Former UK health secretary Wes Streeting compared social media to tobacco and called for restrictions on its use by under-16s. The Academy of Medical Royal Colleges also linked the risks of unlimited social media and smartphone use to major public health campaigns.
Britain is now recasting the debate over age and identity checks online in medical terms. By framing the issue as a public health campaign in the style of the anti-tobacco fight, the government and its medical allies are changing the character of the debate.
The Starmer government also wants to speed up the process by relying on secondary legislation. In Britain, this refers to rules made by ministers or public bodies under powers granted by an act of Parliament, without every detail having to pass again through the full parliamentary process.
Protecting Children, Checking Everyone
The debate over social media, age limits and child protection is therefore no longer only a matter of platform regulation. It is increasingly being treated as a public health issue, moving it into other fields and under different areas of responsibility.
The starting point for the latest developments is the government consultation Growing Up in the Online World. More than half of the 132 doctors surveyed said they saw at least one case of social media-related health harm every week.
The consultation covered not only social networks, but also gaming platforms and AI chatbots. Age limits, restrictions on certain functions, possible time limits and curbs on particularly risky design features were all under discussion.

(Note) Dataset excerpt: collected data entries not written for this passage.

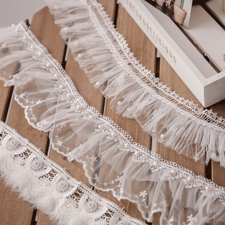 Dây ruy băng ren lưới đính ngọc trai giả xếp ly dài 1 yard dùng trang trí váy cưới DIY
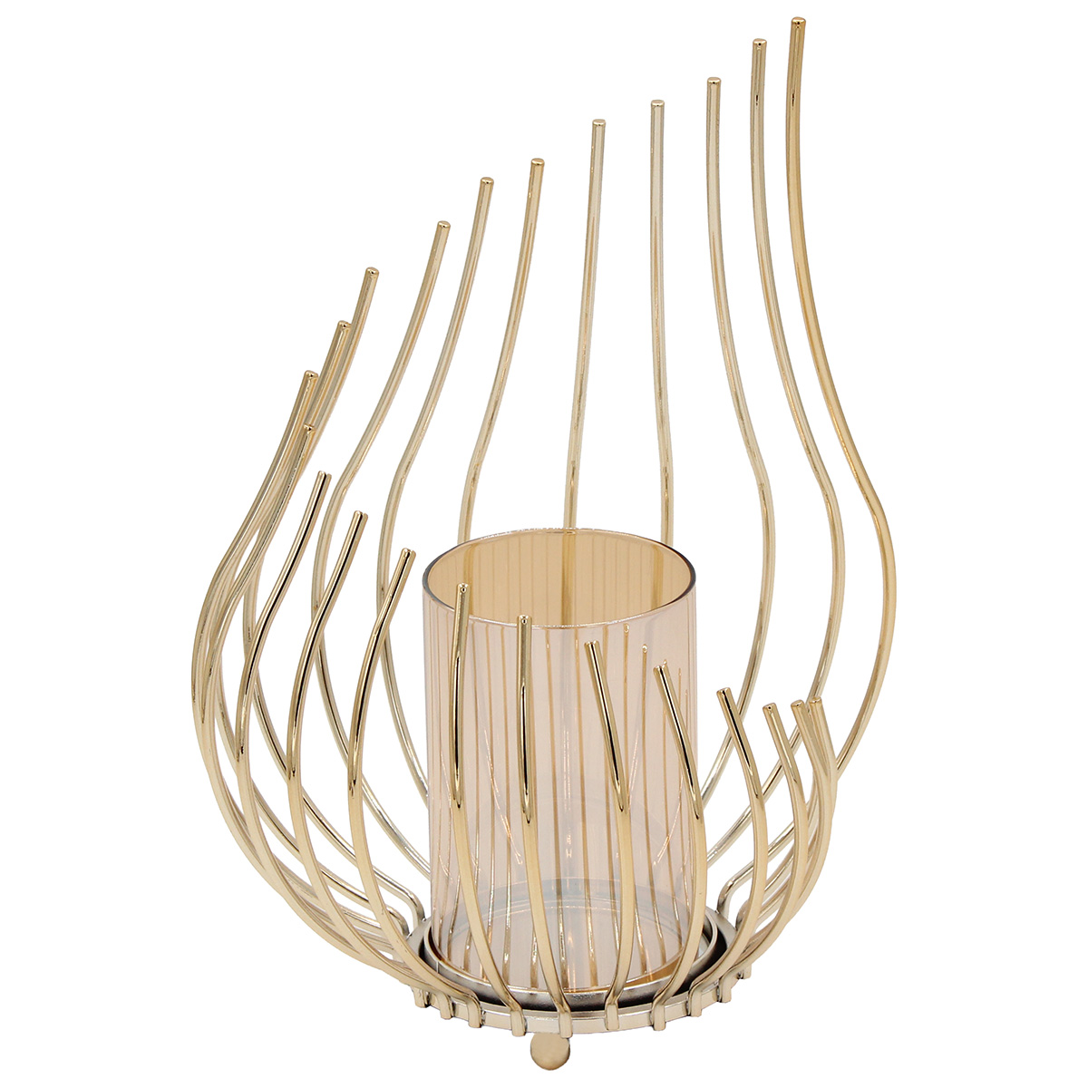 Κηροπήγιο μεταλλικό Φ19Χ29 εκ. Χρυσό με μελί γυαλί
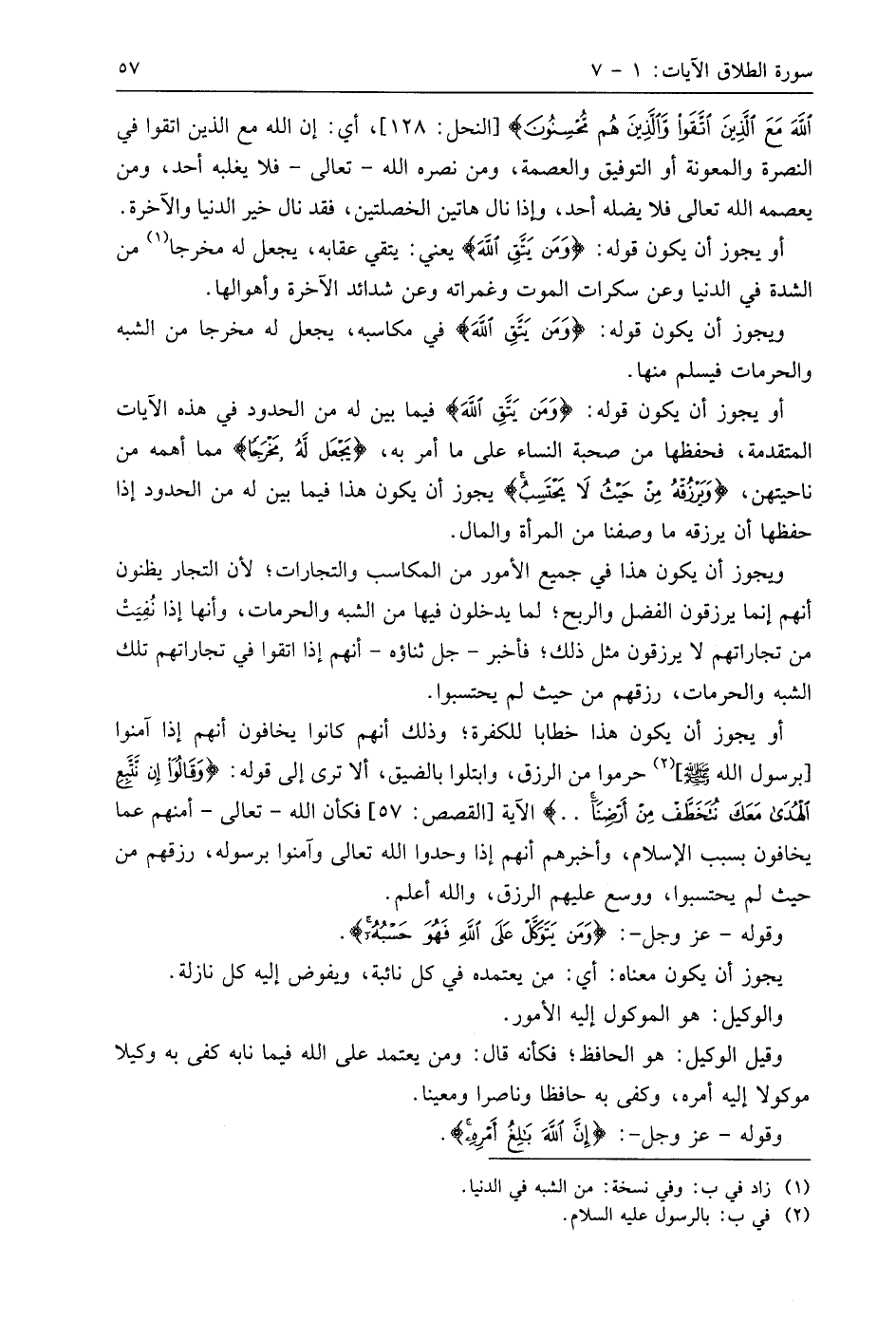 أو يجوز أن يكون قوله: (وَمَنْ يَتَّقِ اللَّهَ) فيما بين له من الحدود في هذه الآيات المتقدمة، فحفظها من صحبة النساء على ما أمر به، (يَجْعَلْ لَهُ مَخْرَجًا) مما أهمه من ناحيتهن، (وَيَرْزُقْهُ مِنْ حَيْثُ لَا يَحْتَسِبُ ... (3) يجوز أن يكون هذا فيما بين له من الحدود إذا حفظها أن يرزقه ما وصفنا من المرأة والمال.
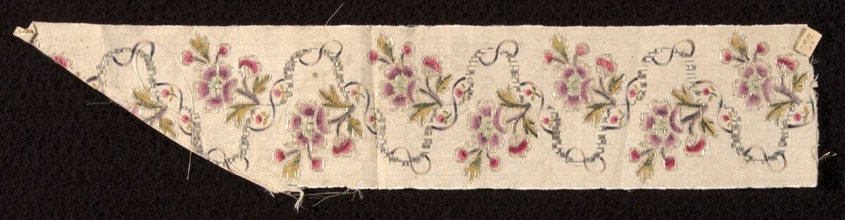 DescriptionCream silk, brocaded with silver strip and silver-gilt thread. With painted polychrome flowers.
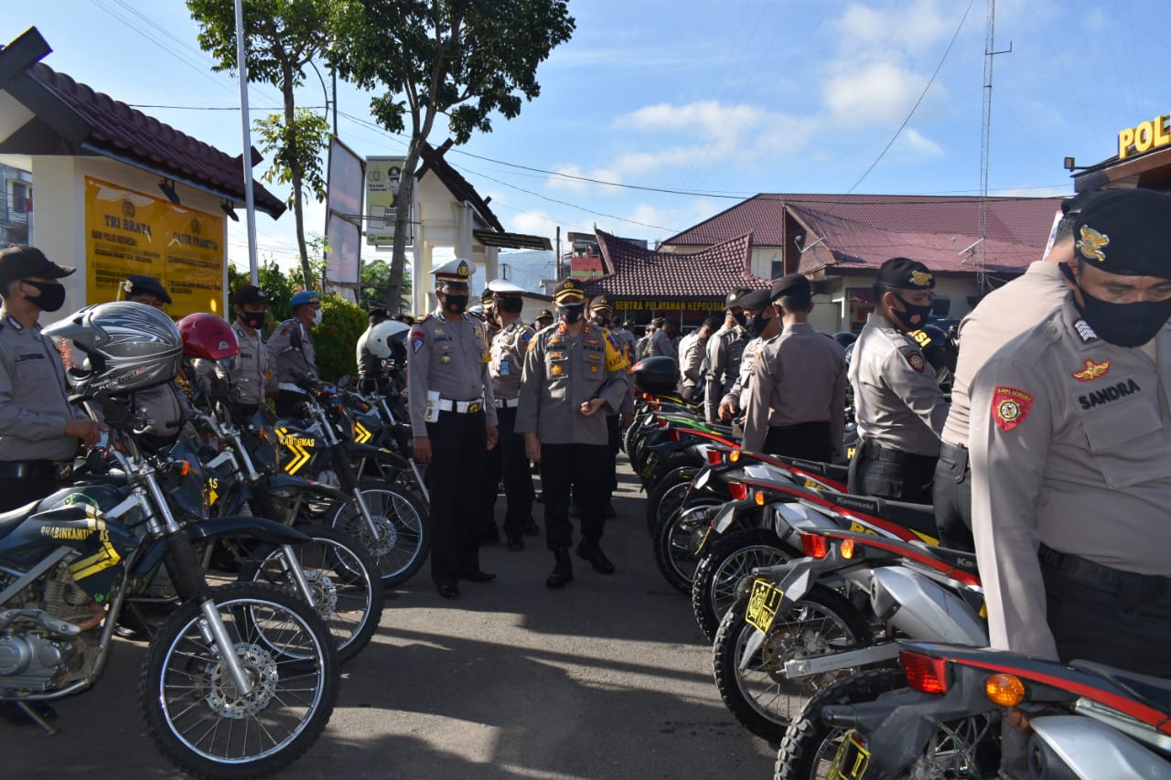 Kapolres Tapanuli Selatan AKBP Roman Smaradhana Elhaj memastikan kesiapan Ranmor dan para personil dalam menghadapi Pilkada Bupati Tapanuli Telatan tahun 2020.(BEDAHNEWS.com)
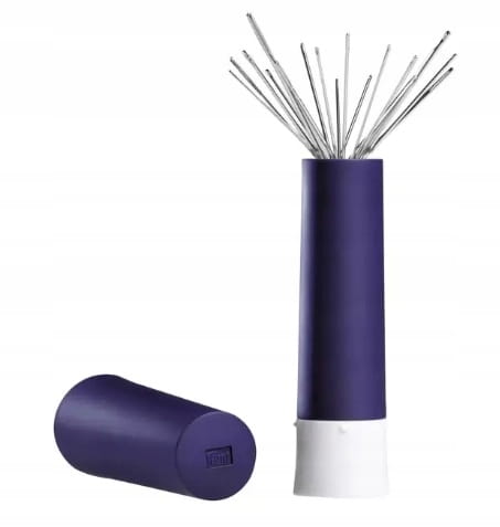 Wykręcany pojemnik z magnesem na stalowe igły i szpilki (igły nie są dołączone). Dzięki zamontowaniu magnesu igły są zabezpieczone tak w zamkniętym jak i otwartym i wykręconym pojemniku.
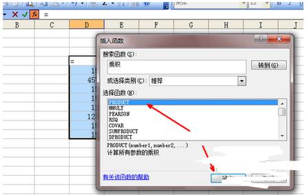 6.开始计算第一组数据的乘积。直接用鼠标选定刚才选定的那组数据,选定之后这组数据会被虚线包围,然后在函数参数框中会有显示这组数据,同时在最下面会有一个计算结果,如图。
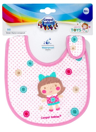 Нагрудники з колекції «Іграшки» з малюнком іграшкової машинки або ляльки захистять одяг вашої дитини від забруднення під час їжі. Виготовлені з м'якої бавовни, вони не дратують ніжну шкіру малюка, а фольга на нижній стороні захищає одяг. Зручна застібка-липучка.
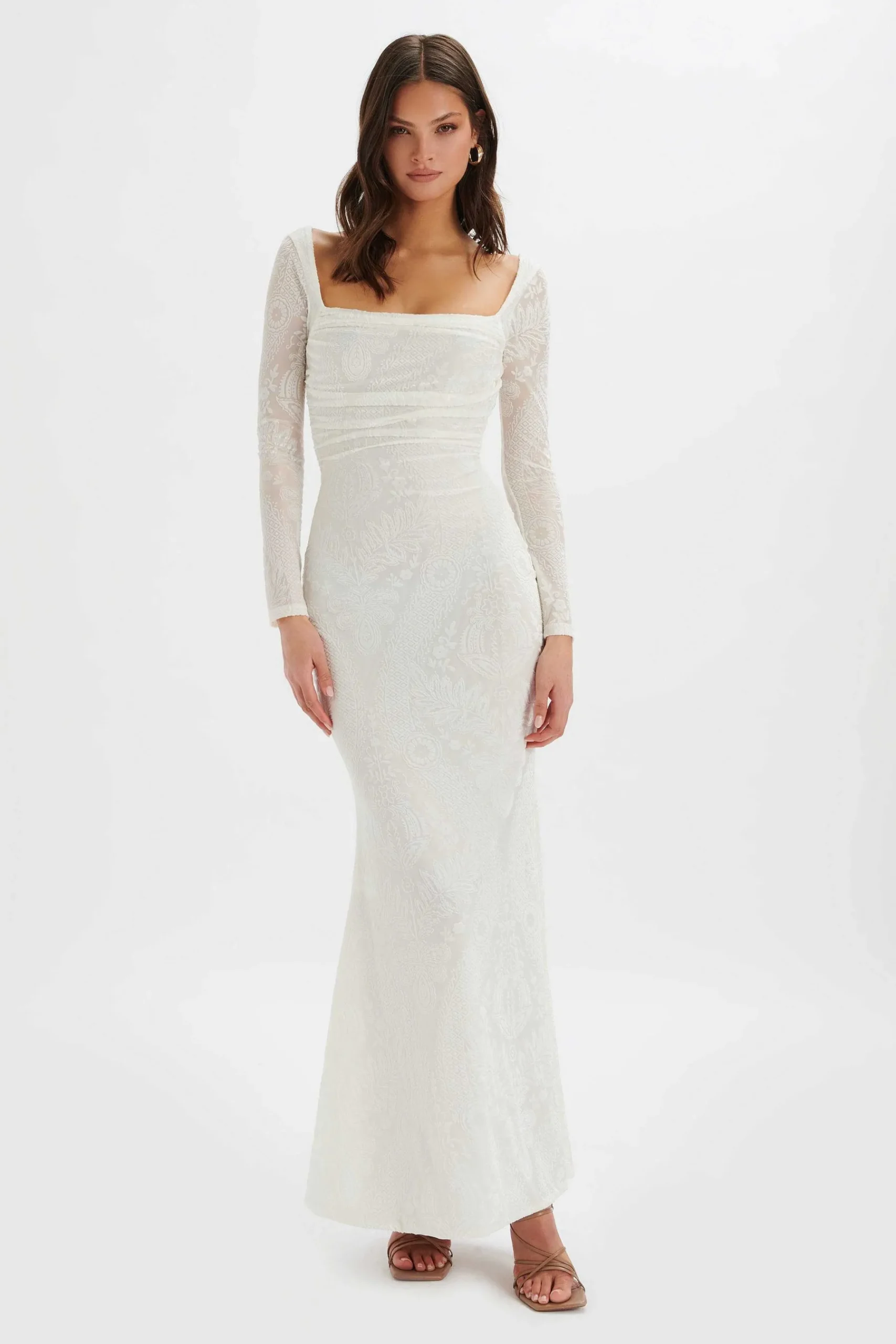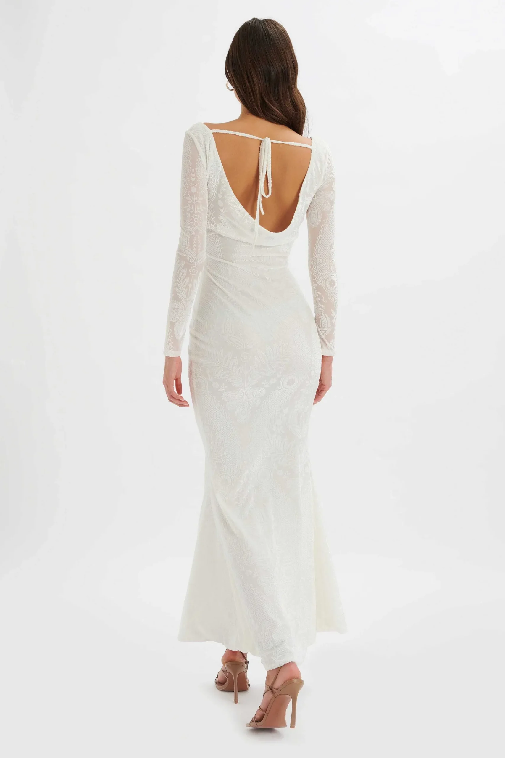Indulge In The Sheer Elegance Of The Betsy Burnout Stretch Devore Drape Back Maxi In White, Meticulously Crafted From Premium Stretch Devoré Fabric. Its Graceful Silhouette Effortlessly Embraces Your Curves, Accentuating Your Figure With Unparalleled Allure. The Addition Of The Low Cowl Back Infuses A Touch Of Stylish Sophistication, While The Delicate Pleat Detailing On The Waist Enhances The Fit And Flare Silhouette. Perfect For Spring And Summer, This Soft And Luxurious Maxi Is A Must-Have Addition To Any Wardrobe.

In practice, such controls can only be enforced if every user proves his age and identity. That brings universal age checks back to the center of the debate. Depending on the system, verification could take place through identity documents, credit cards, facial recognition, age-estimation tools or digital credentials.
Beyond Social Media
The Online Safety Act, which is intended to make the internet safer in Britain, already requires covered services to take effective steps to protect children. The new political debate broadens that approach. It no longer asks only which content should be kept away from children.

With the health argument, the question becomes which platforms, functions and forms of use should be open to children at all. The government consultation also refers to gaming services and AI chatbots. Other discussions extend to services that children are likely to be able to access. As a result, a growing number of providers could be required to build in age or access checks.
Building a Control Infrastructure
The combination of health rhetoric, government consultation, existing powers under the Online Safety Act and technical age checks is new. It gives Britain’s debate over general online identity controls a different dimension. Under the logic of a public health campaign, the country is discussing technical systems that require users to verify their age and identity. In the name of child protection, an infrastructure is taking shape in which access to online services can be controlled by age, identity and function.
Britain is no longer discussing only online safety for children. Under the banner of child protection, it is creating a system in which every internet user can be checked by age, identity and access rights. To win broader public consent for such a system, the comparison with tobacco comes at just the right time.
Taken together, these developments give planned internet controls new momentum, because smoking, in the end, is not considered dangerous only for children.